I couldn't understand why people would go there voluntarily. It felt uncomfortable and dangerous. It was the place people went to suffer in the Bible.
I preferred green places. Abundant in water and life.
My first trip to the desert was to take my kids to Palm Springs for a long weekend in the winter. They had cabin fever from weeks of rain and a place with warm weather and a swimming pool seemed like the perfect antidote.
I grew to love the desert. As a mom of 5 very busy boys, I found an ability to rest in the desert that I haven't found in too many other places. There are no people there to judge my parenting or my kids. No one to worry about inconveniencing. There is a long visibilty and interesting rocks and things to climb. I don't have to worry about them breaking things. I can let them be them. It is a freedom I don't find other places.
Other people that you run into in the desert tend to be very chill. Often they are also looking for freedom and peace. There's also very few other people so there am unwritten code of helping. Sharing tools. Helping with vehicle issues. Out in the desert, you have to rely on strangers ... there's no cell service. There's no AAA.
In my ongoing reading of the early church, I've been learning about the very first Christian monasteries. Christians fled into the desert in Egypt. At first, they were completely alone. Single men and women who went into the most remote places they could find to dedicate their life to faith.
Something was missing. One essential tenant of Christian faith is love. And these early monks could not fully live out their faith alone. And so they began to live in communities where devotion to God was accompanied with love and service to each other.

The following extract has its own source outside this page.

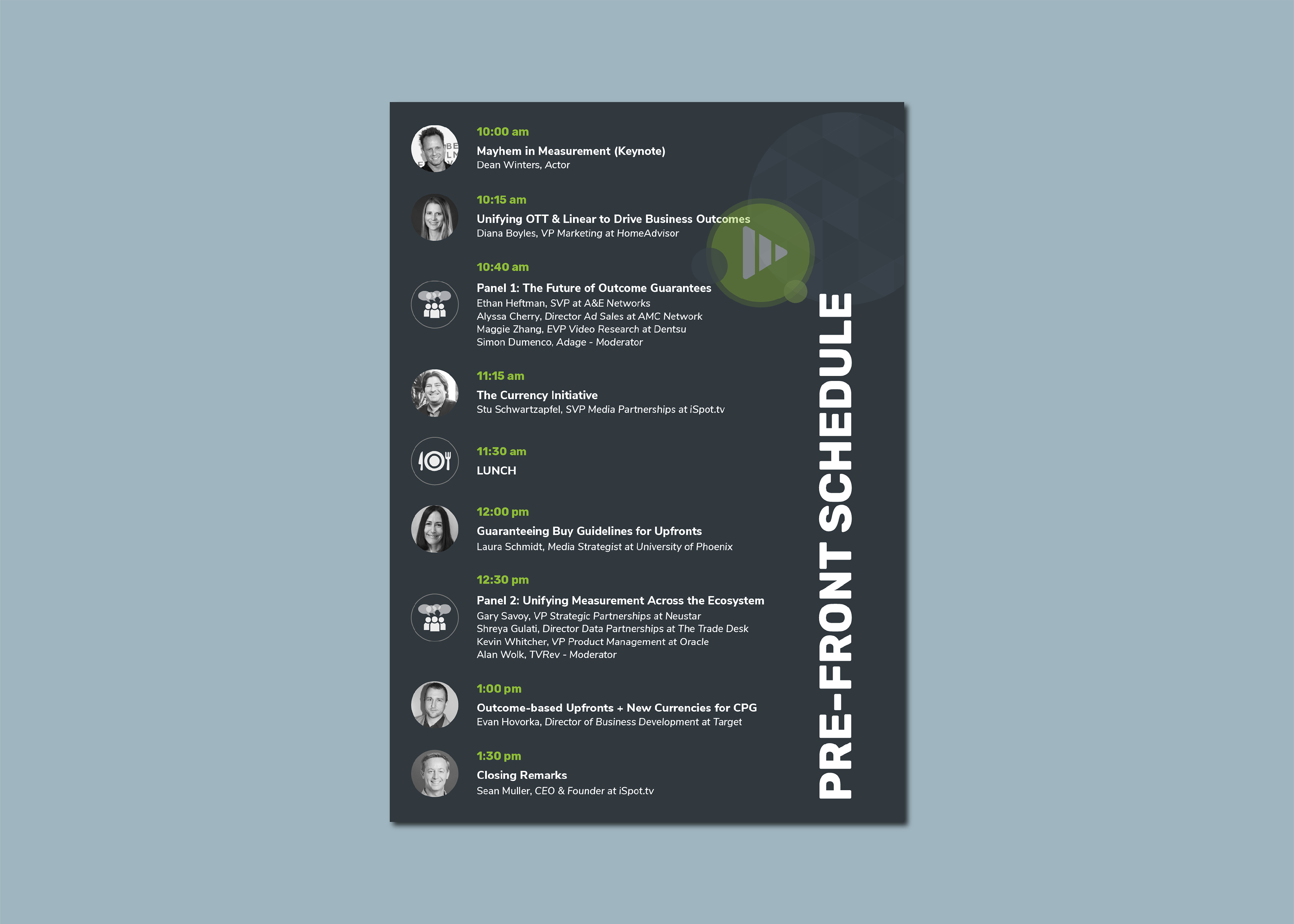 For iSpot.tv's 4th Annual Pre-Front, I updated the logo as well as put together the ID card design and event agenda.

What surprised me in the history is what drove them into the desert. If you had asked, I would have guessed it was persecution. But it was the rise of a "Christian state" under Constantine that pushed many to leave the empire and find a way to live more authentically. There was a fear that power and money would corrupt the church. That is was impossible to follow Jesus in a world with ornate churches.
Listening to this history, I understand the impulse. There are moments when the world, the society and culture that i live in make me feel that the only way to live my faith fully and authentically is to withdraw. To move to a remote place and to develop rhythms of living that are congruent with my beliefs. And the other half of me says, my faith demands that I both love and serve others and that I bear witness to the work of God in my life.